За этим помещением открылся тусклый, мрачный кабинет. Свет пробивался только через несколько оконных переплетов под самым потолком. Большую часть пыльного пола занимали два длинных стола, заваленные книгами; некоторые были открыты, другие громоздились нестройными стопками. Когда Билли подошел ближе, от запаха плесени у него защекотало в носу.

Рядом с одним из столов, опустив голову и листая страницу за страницей, стоял человек. Набросав несколько слов на листке бумаги, он отбрасывал книгу, хватал другую, открывал ее и начинал процесс сначала.

Он казался знакомым: рыжеватые волосы, сильные руки, уверенные движения, но лица его не было видно — настолько он был погружен в работу.

Билли откашлялся:

— Реджинальд?

Мужчина поднял голову. У него было смуглое худое лицо, а в блестящих глазах застыл вопрос.

— Да?

Билли зажмурился, не в силах поверить тому, что увидел. Это лицо! Эти глаза! Ему сжало грудь. Он с трудом мог дышать.

— Папа?

Губы у мужчины раздвинулись, и он как будто беззвучно произнес: «Билли», и тут же нахмурил брови, словно был не в состоянии понять его смысл. Библиотекарь взял книгу и прижал ее к груди; взгляд его метался из стороны в сторону. Похоже, что-то в его памяти пыталось вырваться на поверхность, но он лишь тихо бормотал с британским акцентом:

— Книги о родительских обязанностях находятся в секции «Сделай сам» у меня за спиной, четвертый ряд направо. — Он снова опустил голову, возвращаясь к своему занятию.

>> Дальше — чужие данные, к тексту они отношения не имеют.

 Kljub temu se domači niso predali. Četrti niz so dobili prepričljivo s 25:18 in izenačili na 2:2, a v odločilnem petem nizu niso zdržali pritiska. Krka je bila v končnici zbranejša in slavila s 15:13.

Билли сглотнул, пытаясь справиться с комком в горле. Этот человек настолько походил на его отца, что ему хотелось кинуться вперед, перепрыгнуть через стол и крепко обнять его. Но он не мог этого сделать. Перед ним стоял Реджинальд, и этот человек не узнал его или, по крайней мере, сделал вид, что не узнал; кроме того, у него был британский акцент, которого не было у отца. Билли схватил Бонни за руку, радуясь, что рядом есть кто-то, знающий Джареда.

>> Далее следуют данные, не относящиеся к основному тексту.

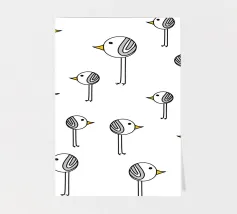 Questo affascinante disegno strappa subito un sorriso con 12 uccelli dalle zampe lunghe, illustrati in modo stravagante. Linee sottili in bianco e nero, piccoli becchi gialli e una dose extra di umorismo rendono il motivo un'attrazione per tutti gli amanti degli uccelli e del design.

— Давай подойдем поближе, — шепнул он, — и зададим несколько вопросов.

Придвинувшись к столу, он взял какую-то книгу, сделав вид, что заинтересовался ее названием.

— Что вы изучаете?

Реджинальд, не поднимая глаз, показал на книгу, а затем на стол:

— Положите ее, пожалуйста. Она мне сейчас понадобится.

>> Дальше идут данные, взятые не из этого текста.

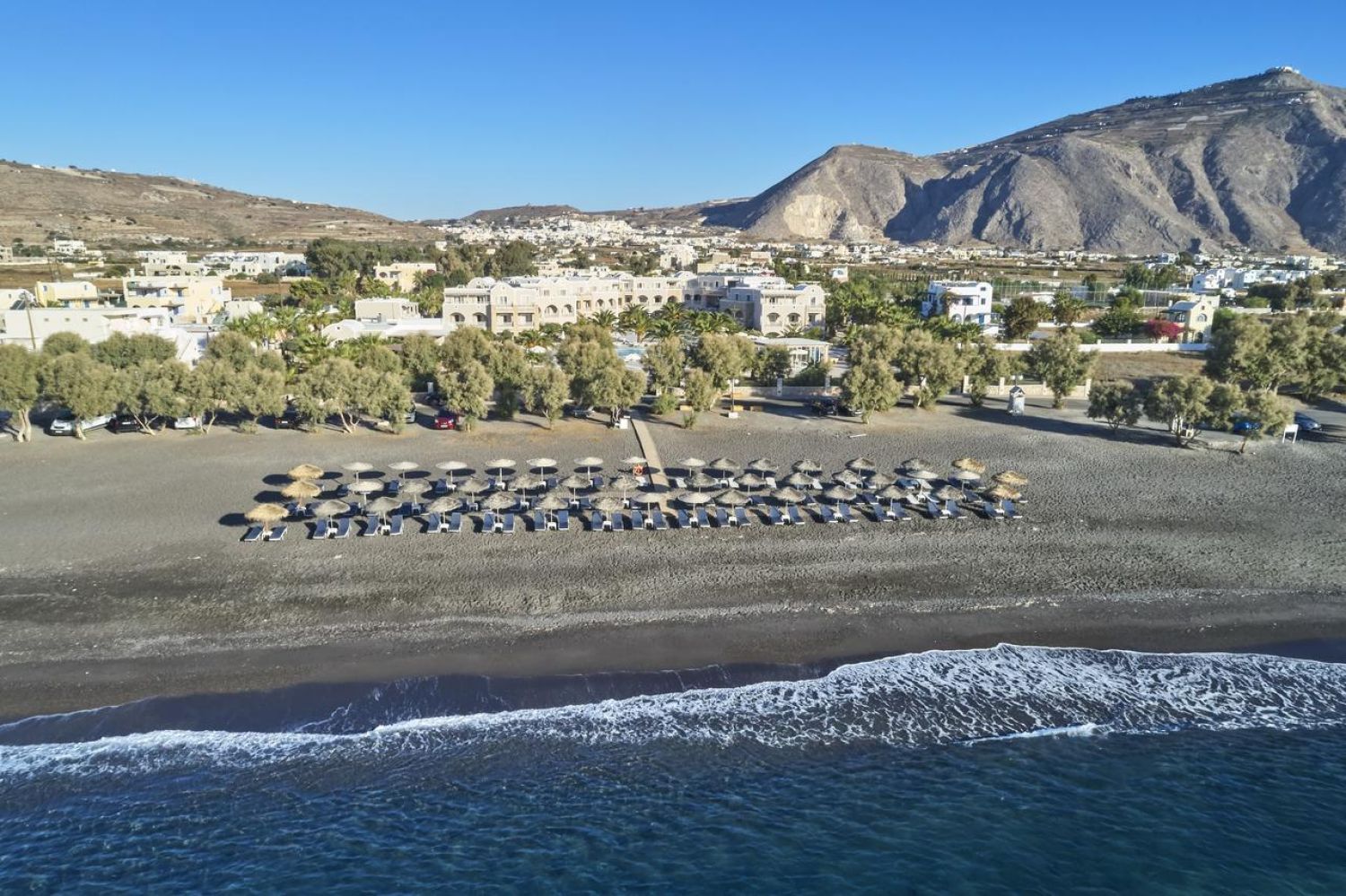 Едно от най-популярните ни места за настаняване в Периволос.Този крайбрежен хотелски комплекс е разположен на известния космополитен плаж на Периволос, на югозападната страна на Санторини. Той разполага с най-голямата зона с басейни от всички хотели в Периволос - Периса и неговата частна зона на плажа с черен пясък в Периволос с шезлонги и чадъри, които са безплатни за гостите на хотела. Хотелът е разположен в близост до туристическото селище Периса със своите магазини и таверни, както и дълъг плаж със скалата Меса Вуна, която се подава от водата.

Билли вернул книгу на место:

— Прошу прощения.

Реджинальд положил обе ладони на стол и вздохнул:

— Это я приношу свои извинения. Такова моя работа — помогать попечителям библиотеки. Пожалуйста, простите меня… вы назвали свое имя?..

— Я его не называл. Меня зовут Билли. А это моя подруга Бонни, — кивнул он в ее сторону.

— Билли… Билли… Откуда-то я знаю это имя. Вы здесь бывали раньше? — Он поднял голову, постукивая пальцами по скуле. — Уверен, что бывали. Вас интересовали книги по… Что же это было? — Он щелкнул пальцами. — Ну да! Искусство. Точнее, карандашные наброски разных чудовищ. Разве вы специально не искали произведения искусства, посвященные драконам?

Билли почувствовал бурный прилив адреналина. Реджинальд должен быть его отцом! Кто еще может знать о его интересе к драконам? Но что толку в этом, если его отец не знает, кем он был? Страшнее пытку трудно придумать. Тем не менее какие-то искорки памяти Реджинальда давали надежду. Билли оставалось только придумать, как раздуть из них пламя.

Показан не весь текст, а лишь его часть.